Мифы рассказывают нам о том, как веселый бог виноделия Дионис кочевал по островам Эгейского моря. Ему нужно было переплыть с острова Икария на остров Наксос. Юноша пришел в порт и нанял судно тирренских моряков. Бог не распознал в них пиратов. Те же, прельстившись юностью, красотой и великолепным сложением молодого человека, решили отправиться в Азию, чтобы продать его в рабство. Не успел корабль выйти из гавани, как предприимчивые моряки уже надели на Диониса кандалы и стали насмехаться над его доверчивостью. Вдруг, к ужасу негодяев, кандалы сами упали с рук юноши. Из досок палубы, оплетая корпус судна, выросла виноградная лоза. Парус покрылся плющом, весла превратились в змей. На борту корабля появились привидения в виде свирепых зверей, а прекрасный юноша принял облик грозного льва. Охваченные паникой разбойники попрыгали в море и превратились в… дельфинов. Возможно, неизвестные нам обстоятельства помешали богу превратить барахтающихся в воде пиратов в кровожадных акул — ведь именно с этим свирепым хищником ассоциировался образ пирата у торговцев, моряков и жителей прибрежных поселений.
А может быть, у всемогущего бога были другие причины так поступить? Вопрос риторический, но позволяет задуматься — однозначен ли мир морского разбоя?

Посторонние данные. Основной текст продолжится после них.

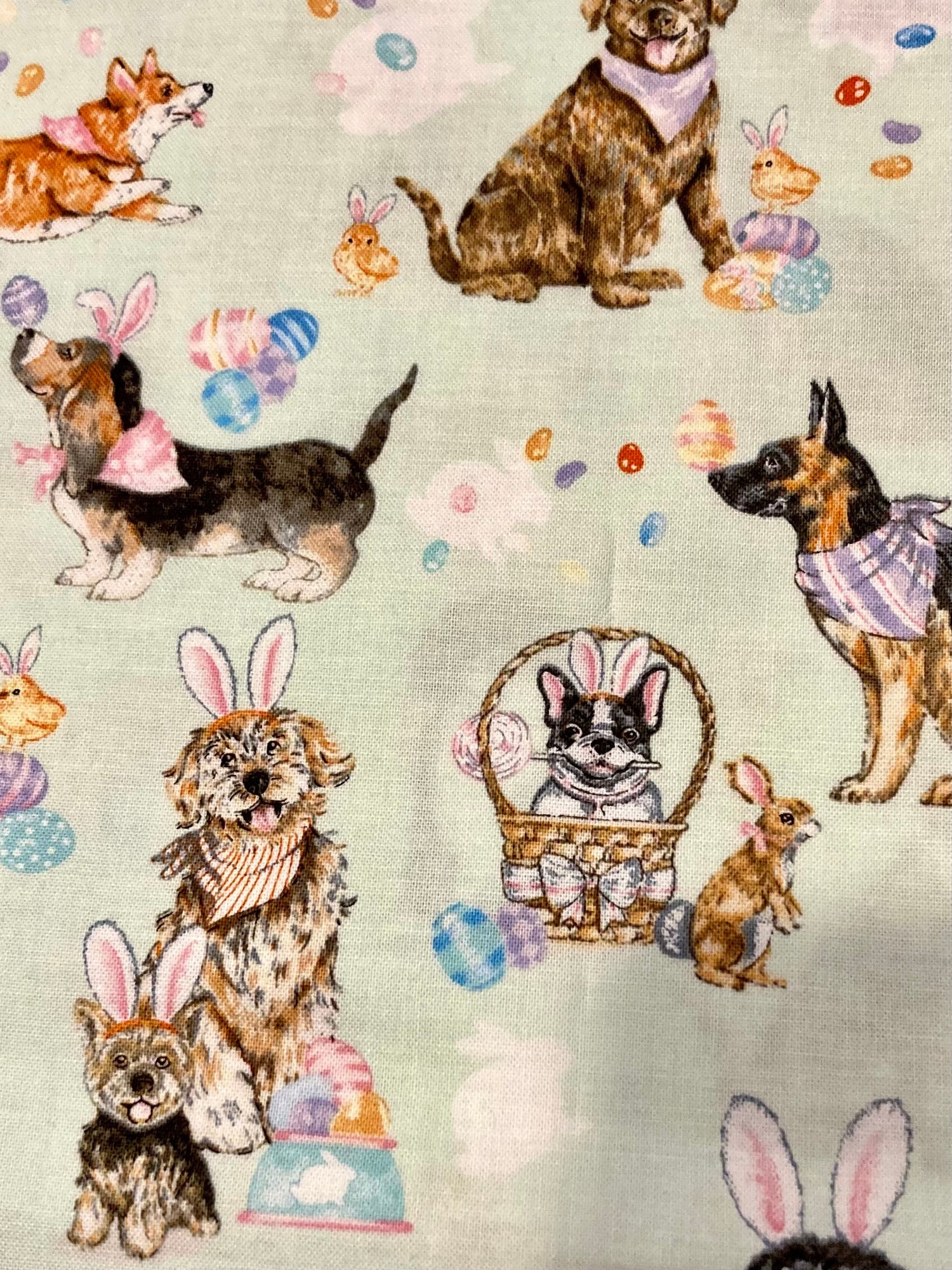 This adorable fabric features every popular dog from Pug, corky, Weiner, Shepard, lab and more ready for Easter! Bonnets, baskets, eggs and more pop against a classic blue gingham plaid. Then the reverse side is solid warm flannel. Handmade by Sue Grandi and Nancy Johnson. Free shipping!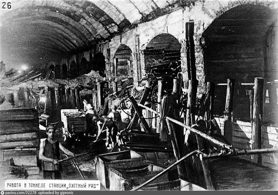 Станция Библиотека имени Ленина хотя и расположена неглубоко (от свода до поверхности всего 2-2,5 метра), но строилась закрытым способом, так как Каганович запретил перекрывать Моховую улицу. Сначала здесь сделали низ станции, залив монолитным бетоном, а затем - свод бутовым камнем, после чего выбрали внутренности.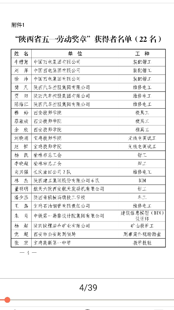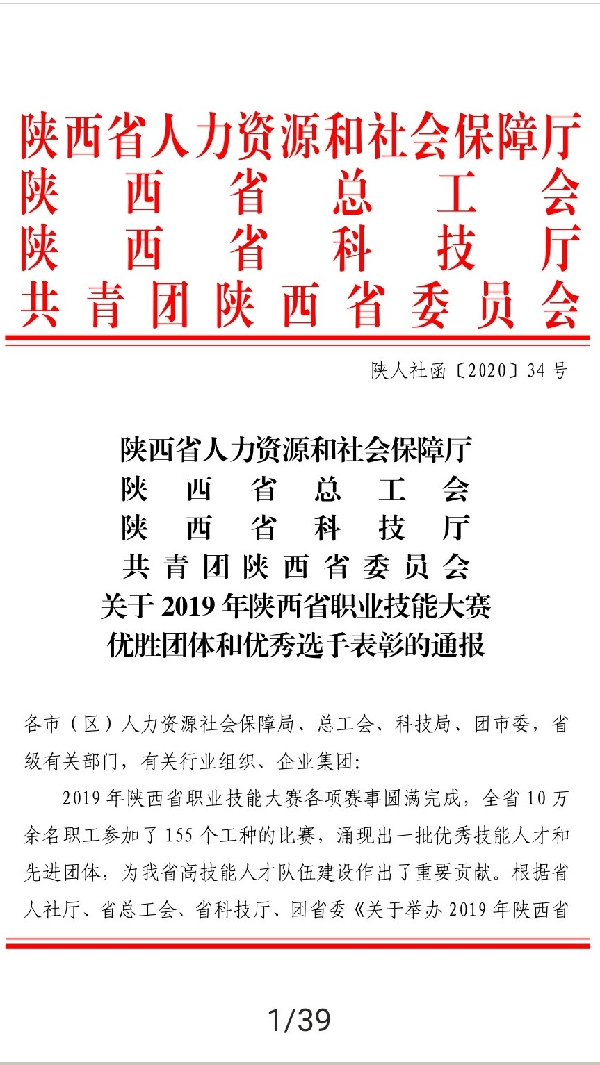 2019年陕西省职业技能大赛各项赛事圆满完成,全省10万多名职工参加了155个工种的比赛,涌现出一大批优秀技能人才和先进团体,为我省高技能人才队伍建设作出了重要贡献。根据省人社厅、省总工会、省科技厅、团省委《关于2019年陕西省职业技能大赛优胜团体和优秀选手的通报》,beat3652004届汉语言文学专业张宏校友荣获“陕西省五一劳动奖章”。

Во введении мы уже обратили внимание на необычное современному человеку понимание древними пиратства как профессии. Профессия бандита — не странно ли это? «Кто ты? — спрашивал сапожник встречного в порту. — Кем работаешь?» — «Бандитом, разбойником», — следовал ответ. Если перед тобой заурядный головорез — тогда природа его занятий ясна. Но повернется ли язык назвать пиратом важного правительственного чиновника или самого короля, дающего молчаливое согласие послать эскадры на безжалостный разбой.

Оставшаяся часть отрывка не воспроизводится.